§ What is expected
What are the lines from the one containing "5.文件收納:用扁形收納盒存放文件、雜志等,可以避免堆疊,整理也更方便。" through the last line of the records below? Return them exactly, leaving out pictures.

§ Data for processing
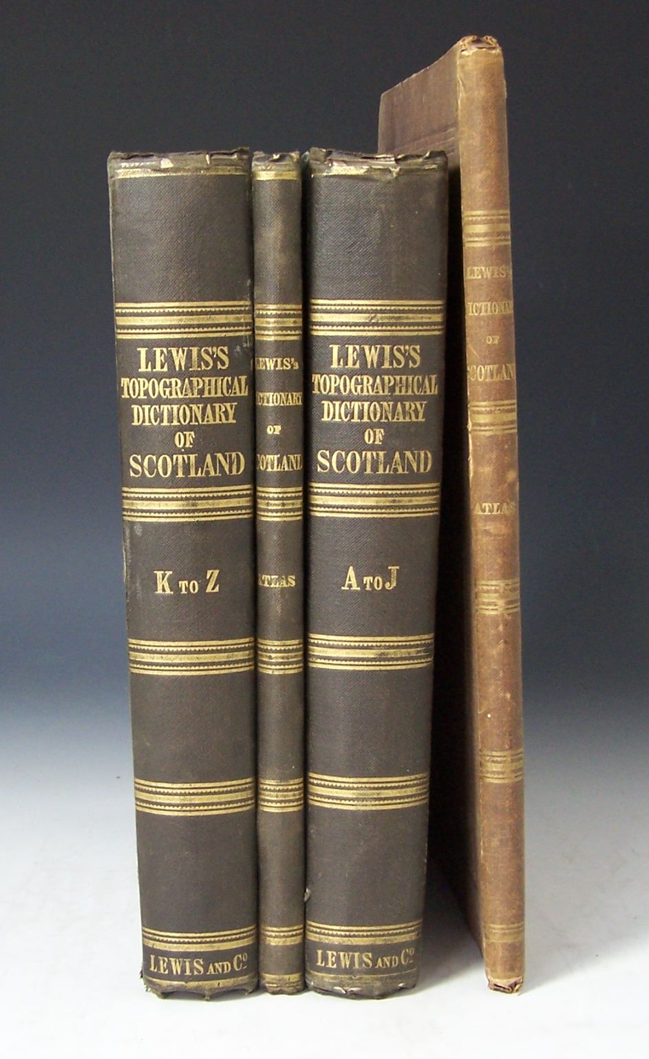 A topographical dictionary of Scotland. London: S. Lewis, 1846; 3 volumes, 4to, large folding engraved map of Scotland in 6 folded sheets, hand-coloured in outline, original cloth; additional Supplementary volume, large folding map of Scotland in 6 folded sheets, hand-coloured in outline, original cloth (4)
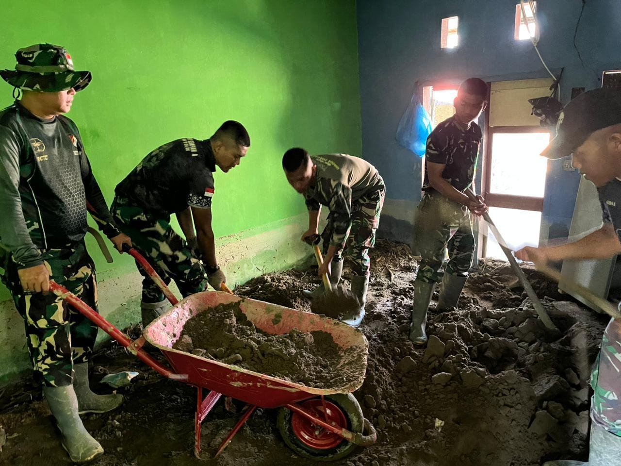 Serma Eka Pralaga mengatakan, TNI berkomitmen membantu pemulihan fasilitas umum, khususnya sarana pendidikan, agar dapat kembali digunakan.
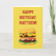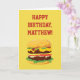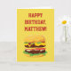 Give cheeseburger fans a personalised birthday card featuring their favourite food. These cards feature an illustration of a tasty looking double cheeseburger against a bright yellow background. Use the template fields to easily personalise the message on the front of this card and add your own special greeting to the inside. Find other yummy burger designs in the Asterisk Designs Zazzle shop.
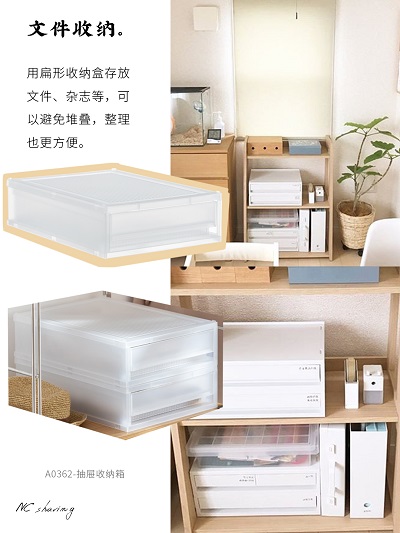 5.文件收納:用扁形收納盒存放文件、雜志等,可以避免堆疊,整理也更方便。
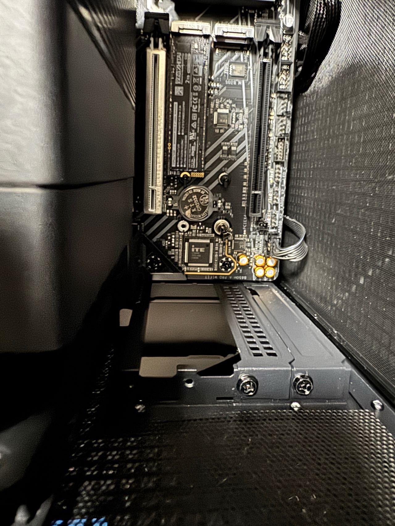 如果显卡PCIe槽在第二位,固态接口在第一位,需拆中间两个挡板。

§ Solution for this problem
 5.文件收納:用扁形收納盒存放文件、雜志等,可以避免堆疊,整理也更方便。
 如果显卡PCIe槽在第二位,固态接口在第一位,需拆中间两个挡板。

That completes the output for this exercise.